Now I am not a lawyer, but that sounds to me like a special definition of “fee simple.” Land patents certified by the Secretary of War? I haven’t seen any other land patents at the GLO database like that. The one that includes the small acreage we own in Michigan is not like that. I just now did a search in the database for all the land patents in Township 5S, Range 6E, in Auglaize County, to see if there were any for Black Hoof or any Algonquian-sounding names. I didn’t see any.

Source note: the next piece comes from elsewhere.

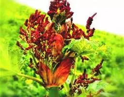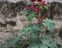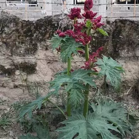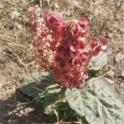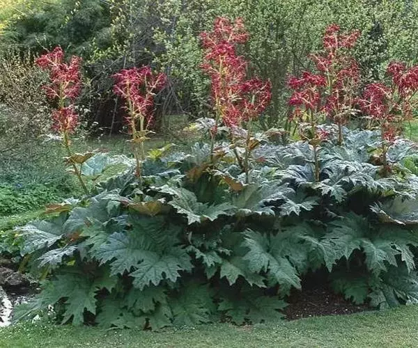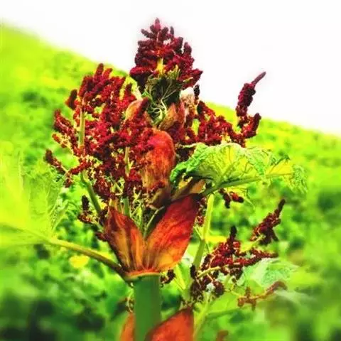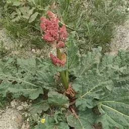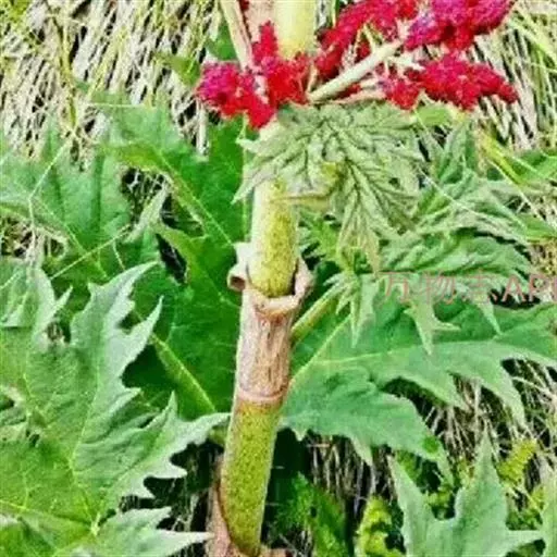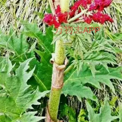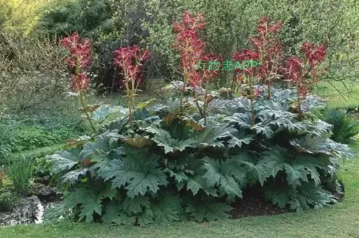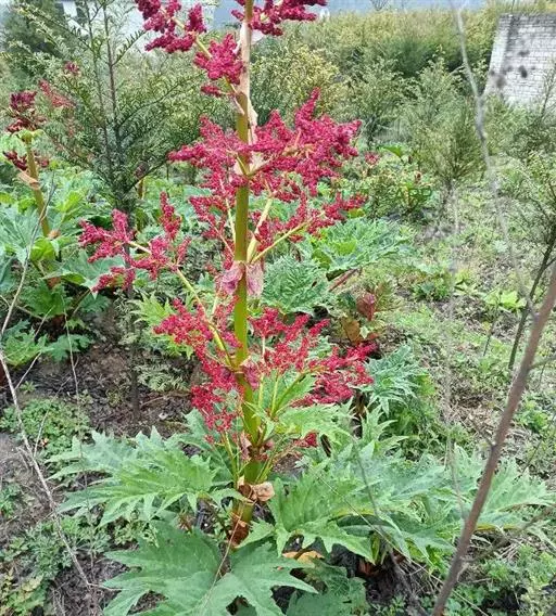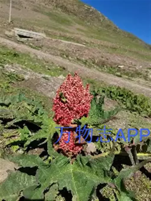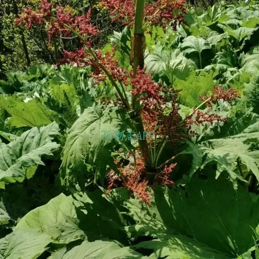 掌叶大黄(Rheum palmatum L.)蓼科,大黄属高大粗壮草本植物,高可达2米,粗壮木质根状茎。茎直立中空,叶片长宽近相等,基部近心形,叶上面粗糙到具乳突状毛,叶柄粗壮,圆柱状,与叶片近等长,托叶鞘大,内光滑,外粗糙。圆锥花序,花小, 通常紫红色,有时黄白色;花梗关节位于中部以下;花被片外轮较窄,内轮较大,宽椭圆形到近圆形,雄蕊不外露,与花丝基部粘连;子房菱状宽卵形,果实矩圆状椭圆形到矩圆形,种子宽卵形,棕黑色。6月开花,8月结果。

If the chiefs owned the land in fee simple, they should have been allowed to sell or not sell, as they saw fit, using the ordinary legal system for land transactions. That would have had its own dangers for the Shawnee people, but the process by which they ceded the land was not anything like it is when most of us sell property.
It must have been a very special definition of “fee simple” by which Black Hoof and the other chiefs owned this land — and not at all what he had in mind. I wonder if he brought up that point when he refused to sign. Maybe it was considered an eminent domain proceeding — a very eminent domain.